When Sticks Fly

When it comes to hobby rotorcraft, it almost seems like the more rotors, the better. Quadcopters, hexacopters, and octocopters we’ve seen, and there’s probably a dodecacopter buzzing around out there somewhere. But what about going the other way? What about a rotorcraft with the minimum complement of rotors?

And thus we have this unique “flying stick” bicopter.  [Paweł Spychalski]’s creation reminds us a little of a miniature version of the “Flying Bedstead” that NASA used to train the Apollo LM pilots to touch down on the Moon, and which [Neil Armstrong] famously ejected from after getting the craft into some of the attitudes this little machine found itself in. The bicopter is unique thanks to its fuselage of carbon fiber tube, about a meter in length, each end of which holds a rotor. The rotors rotate counter to each other for torque control, and each is mounted to a servo-controlled gimbal for thrust vectoring. The control electronics and battery are strategically mounted on the tube to place the center of gravity just about equidistant between the rotors.

But is it flyable? Yes, but just barely. The video below shows that it certainly gets off the ground, but does a lot of bouncing as it tries to find a stable attitude. [Paweł] seems to think that the gimballing servos aren’t fast enough to make the thrust-vectoring adjustments needed to keep a stick flying, and we’d have to agree.

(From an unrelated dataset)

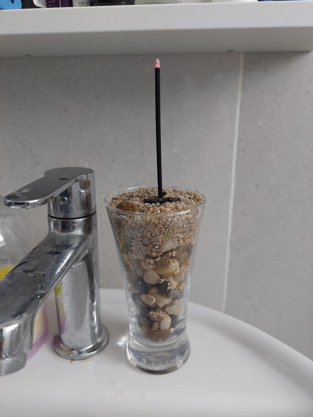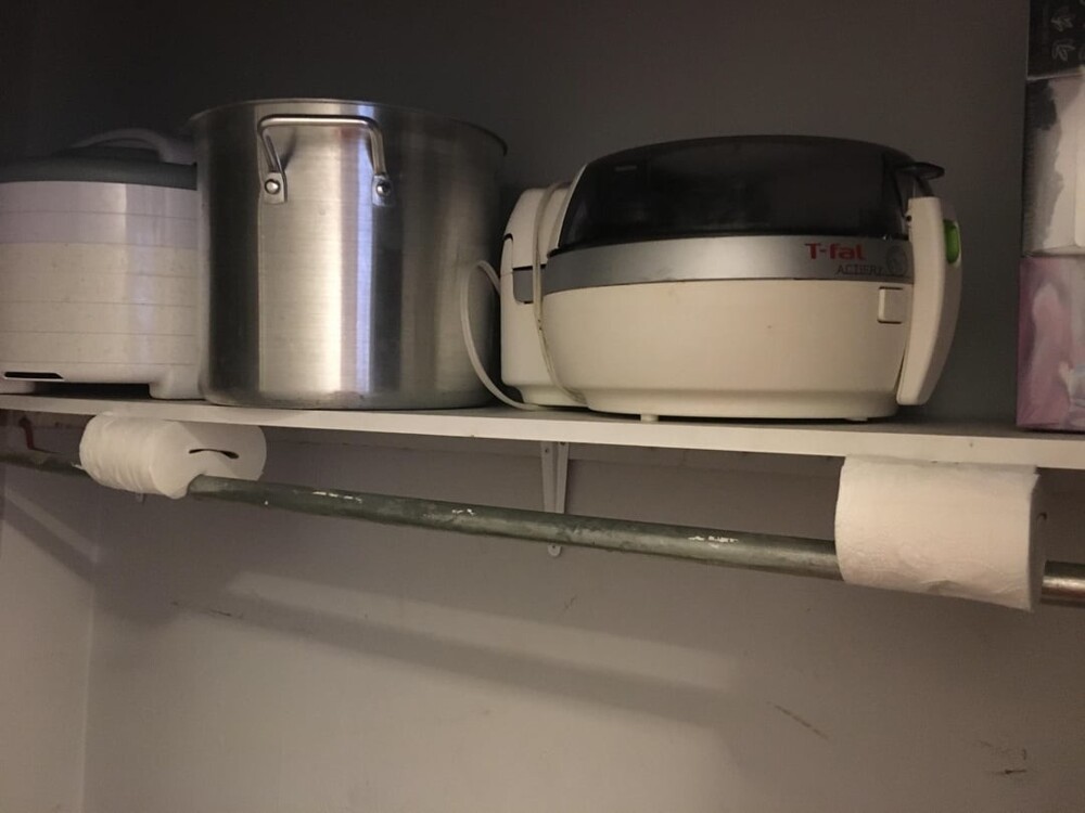 5. Кухонная полка наклонилась вниз, поэтому я использовала туалетную бумагу

This isn’t [Paweł]’s first foray into bicopters; he earned “Fail of the Week” honors back in 2018 for his coaxial dualcopter. The flying stick seems to do much better in general, and kudos to him for even managing to get it off the ground.

26 thoughts on “When Sticks Fly

  1. re: more rotors, as the rotors get larger, they have more rotational inertia (harder to accelerate/decelerate rapidly) and they also end up with more of a gyroscopic effect (harder to tilt quickly), before long you need to switch from simple fixed propellers to the complex hinge/swashplate setup that helicopters use. having lots of small rotors instead of a few large/complex ones is a tradeoff that seems practical (at least so far)

    1. Coaxial rotor helicopters are a thing and they work both big and complex (e.g. the Russian Kamov) and small and simple (many RC toys).

      But there is a reason why helis have both rotors together at the top and the body of the helicopter is hanging *below* the rotors. I.e. not what he has in the video with the “stick”, where one rotor is at the top and the other one at the bottom.

      Low center of gravity is important and it helps a lot with the stability of the craft (think how a steadicam works).

      1. 1. Big coaxial helicopters have full cyclic control via swashplate and are completely *utterly* dissimilar to the thing above and that is exactly what @David Lang mentioned!

        2. The reason why helicopters have rotor at the top have nothing to directly do with stability. That is a complete BS which laymen can’t get their heads around for almost a century. It even have a name: https://en.wikipedia.org/wiki/Rocket#Pendulum_rocket_fallacy . Yes it applies to helicopters. Mein Gott *facepalm*.

        3. Camera stabilizers are usually a very active system and have nothing to do with gravity stabilization.

    1. Not really possible because of the torque of the rotor spinning the body of the craft in the opposite direction. So you would need to actively counter this somehow, usually with a second rotor (either coaxial or on a tailboom pushing sideways – like helicopters).

      1. Sure it is possible and it has been done. You just have to do a tip powered rotor. It has been done with ramjetsm rockets, and even smaller props and motors on the rotor tips. The only torque you have then is the friction of the bearing which seems to be manageable.
        The downside is they tend to be really loud. So while possible not all that practical.

    1. Well there is the flying banana for starts, then the original mono blade is the Samara seed of maples. I think I saw something on YT about such a mono blade, of course it has to have a counter rotation prop as well as a counterbalance on that single lift blade.

    2. Oh, but bricks in fact do indeed.

      Look up the F4-Phantom, aka the flying brick, from 1958, the source of the famous quote, “a brick can fly if you stick a big enough engine on it.”

  2. “Can sticks fly?”

    The folks that brought you the F4-Phantom proved in 1958 that given a big enough engine, anything can fly. The more accurate quote was “a brick can fly if you stick a big enough engine on it.”